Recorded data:
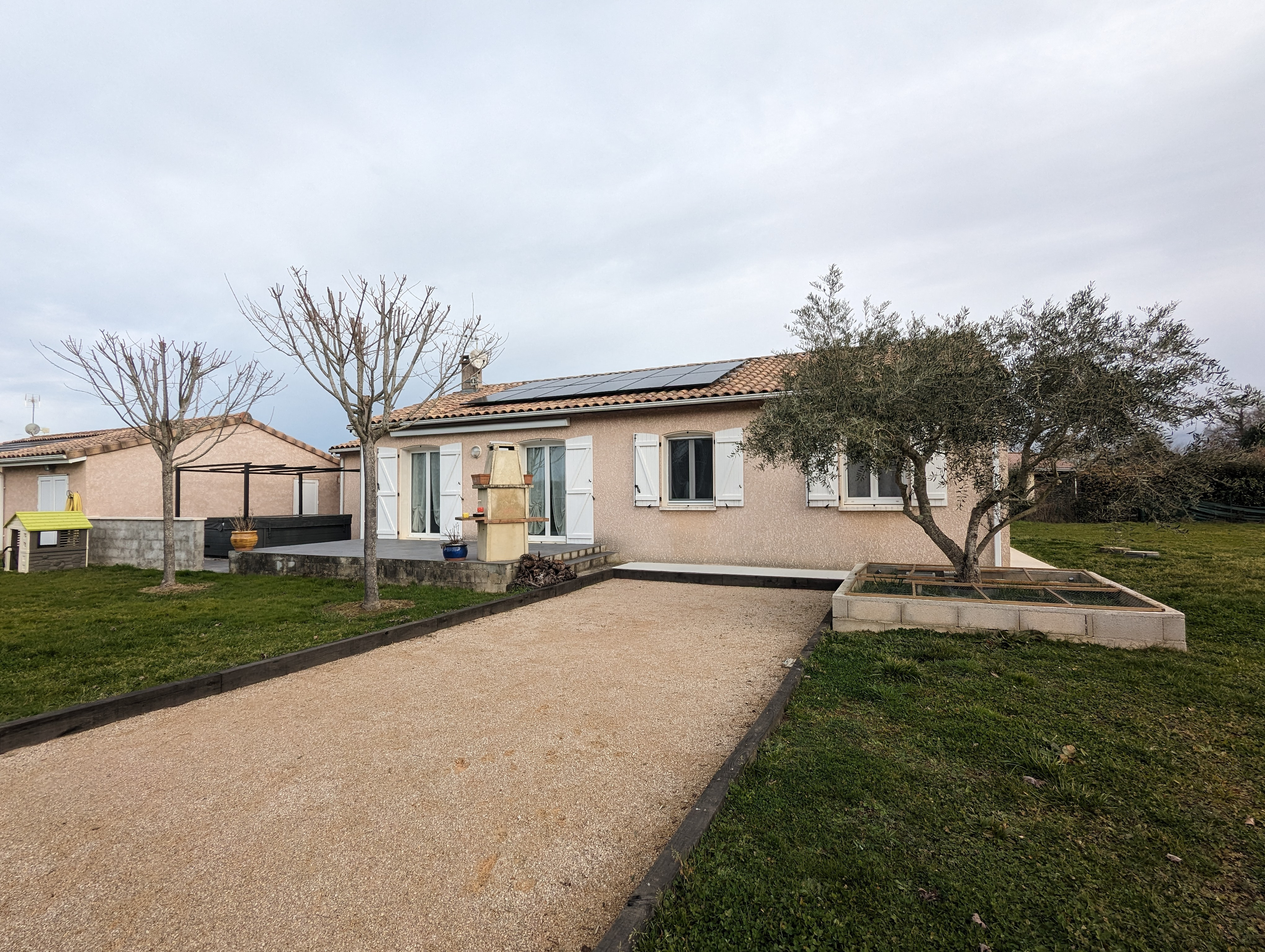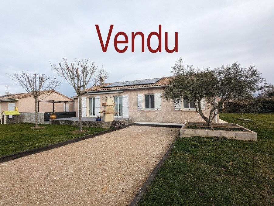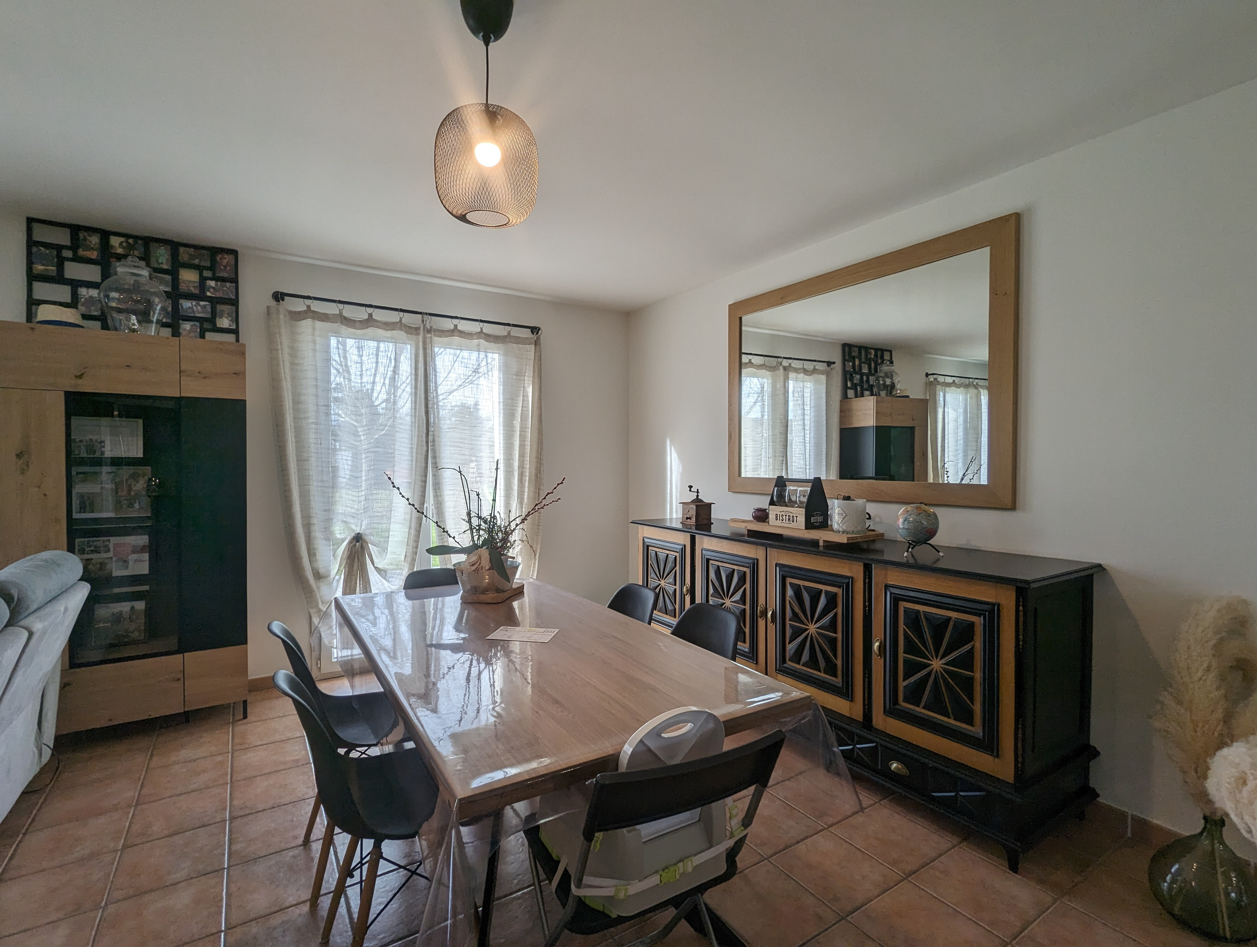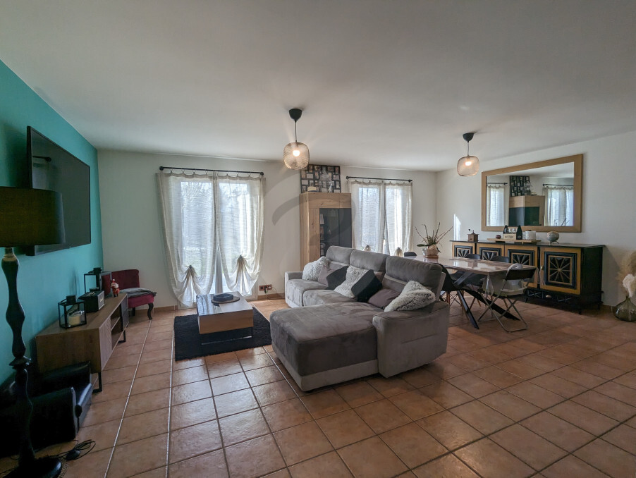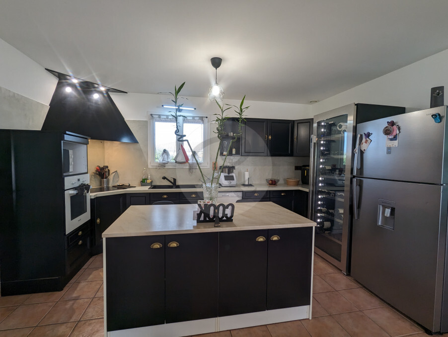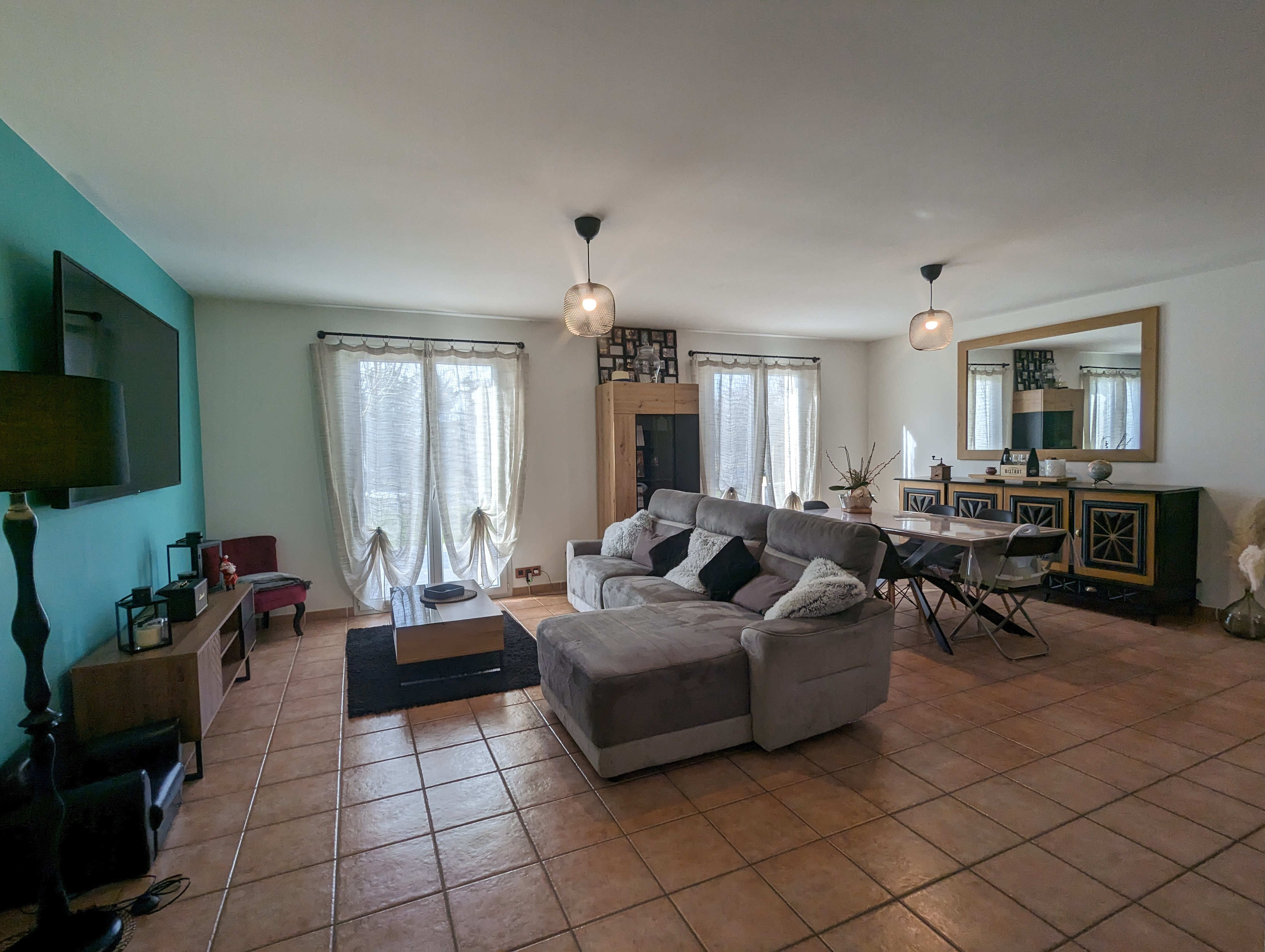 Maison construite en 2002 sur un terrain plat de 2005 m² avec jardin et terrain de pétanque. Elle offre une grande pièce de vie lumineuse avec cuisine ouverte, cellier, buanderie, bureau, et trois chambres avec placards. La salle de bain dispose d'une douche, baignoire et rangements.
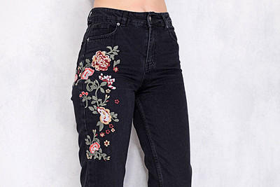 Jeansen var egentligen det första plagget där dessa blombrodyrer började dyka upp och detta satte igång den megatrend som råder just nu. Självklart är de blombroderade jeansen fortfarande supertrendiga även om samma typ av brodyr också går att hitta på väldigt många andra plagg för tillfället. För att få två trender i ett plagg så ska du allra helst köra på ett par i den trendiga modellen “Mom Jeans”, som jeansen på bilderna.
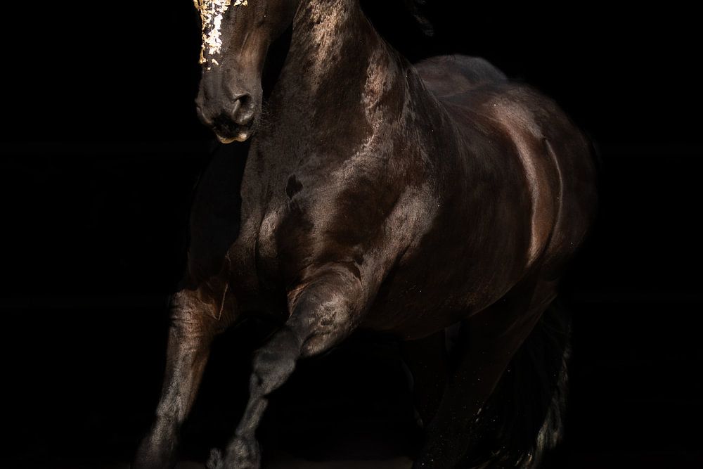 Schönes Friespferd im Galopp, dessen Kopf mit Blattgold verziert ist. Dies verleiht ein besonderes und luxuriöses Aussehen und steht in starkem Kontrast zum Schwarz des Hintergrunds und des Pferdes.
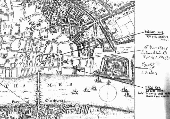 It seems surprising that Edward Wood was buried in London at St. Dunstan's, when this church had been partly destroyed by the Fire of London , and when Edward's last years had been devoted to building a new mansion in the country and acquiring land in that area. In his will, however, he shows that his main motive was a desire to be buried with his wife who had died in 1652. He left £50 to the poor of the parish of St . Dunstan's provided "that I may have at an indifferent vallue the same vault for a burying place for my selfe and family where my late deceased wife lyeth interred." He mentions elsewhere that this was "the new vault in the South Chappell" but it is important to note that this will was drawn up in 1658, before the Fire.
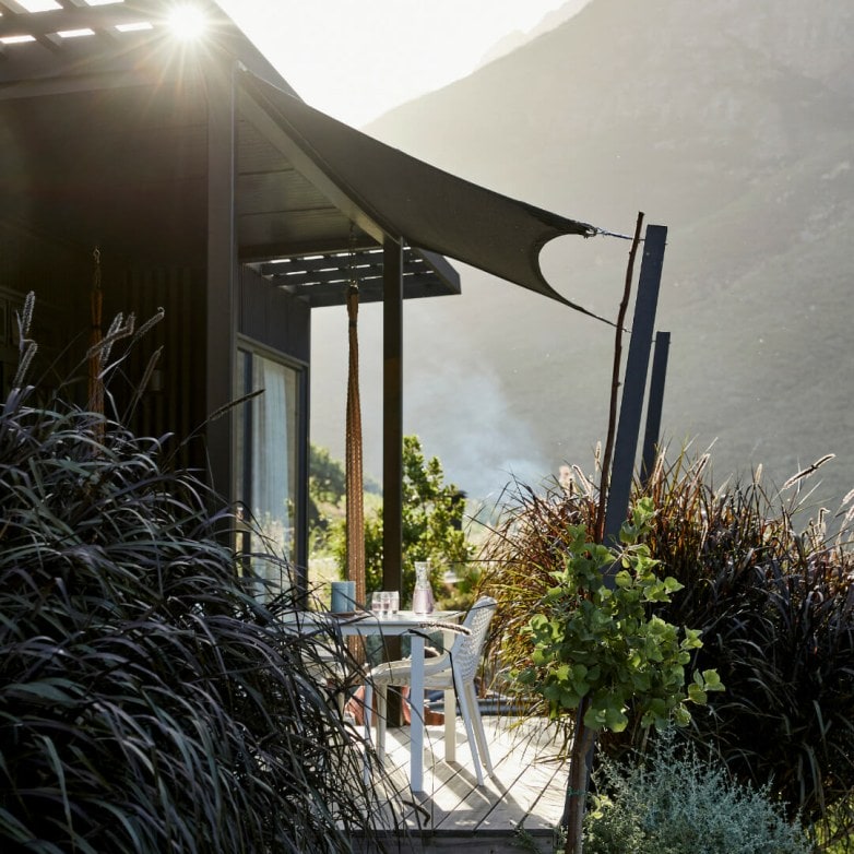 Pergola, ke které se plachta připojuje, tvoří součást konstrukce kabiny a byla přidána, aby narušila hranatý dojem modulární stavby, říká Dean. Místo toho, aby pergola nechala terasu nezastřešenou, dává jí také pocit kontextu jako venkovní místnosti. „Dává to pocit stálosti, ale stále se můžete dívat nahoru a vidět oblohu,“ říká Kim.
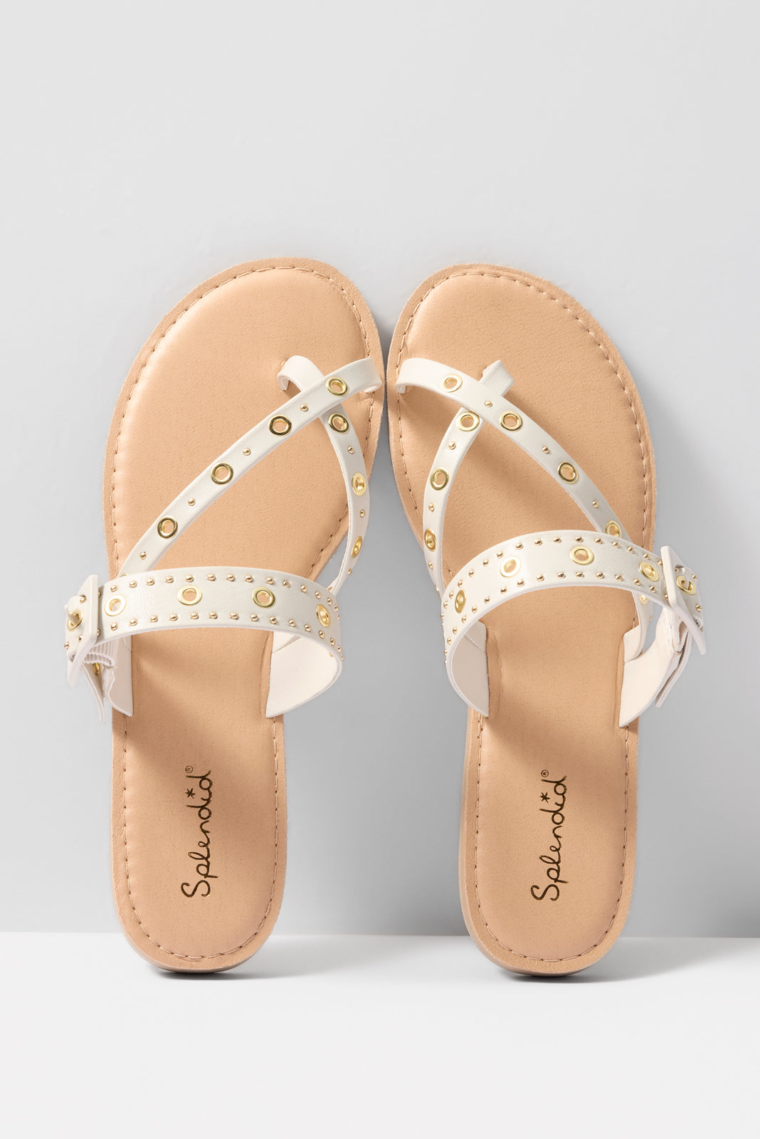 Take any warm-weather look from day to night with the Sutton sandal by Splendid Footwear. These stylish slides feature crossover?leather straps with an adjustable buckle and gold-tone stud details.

**Brief**
Would you retype each line above exactly and skip every image?

**Answer for this exercise**
 Maison construite en 2002 sur un terrain plat de 2005 m² avec jardin et terrain de pétanque. Elle offre une grande pièce de vie lumineuse avec cuisine ouverte, cellier, buanderie, bureau, et trois chambres avec placards. La salle de bain dispose d'une douche, baignoire et rangements.
 Jeansen var egentligen det första plagget där dessa blombrodyrer började dyka upp och detta satte igång den megatrend som råder just nu. Självklart är de blombroderade jeansen fortfarande supertrendiga även om samma typ av brodyr också går att hitta på väldigt många andra plagg för tillfället. För att få två trender i ett plagg så ska du allra helst köra på ett par i den trendiga modellen “Mom Jeans”, som jeansen på bilderna.
 Schönes Friespferd im Galopp, dessen Kopf mit Blattgold verziert ist. Dies verleiht ein besonderes und luxuriöses Aussehen und steht in starkem Kontrast zum Schwarz des Hintergrunds und des Pferdes.
 It seems surprising that Edward Wood was buried in London at St. Dunstan's, when this church had been partly destroyed by the Fire of London , and when Edward's last years had been devoted to building a new mansion in the country and acquiring land in that area. In his will, however, he shows that his main motive was a desire to be buried with his wife who had died in 1652. He left £50 to the poor of the parish of St . Dunstan's provided "that I may have at an indifferent vallue the same vault for a burying place for my selfe and family where my late deceased wife lyeth interred." He mentions elsewhere that this was "the new vault in the South Chappell" but it is important to note that this will was drawn up in 1658, before the Fire.
 Pergola, ke které se plachta připojuje, tvoří součást konstrukce kabiny a byla přidána, aby narušila hranatý dojem modulární stavby, říká Dean. Místo toho, aby pergola nechala terasu nezastřešenou, dává jí také pocit kontextu jako venkovní místnosti. „Dává to pocit stálosti, ale stále se můžete dívat nahoru a vidět oblohu,“ říká Kim.
 Take any warm-weather look from day to night with the Sutton sandal by Splendid Footwear. These stylish slides feature crossover?leather straps with an adjustable buckle and gold-tone stud details.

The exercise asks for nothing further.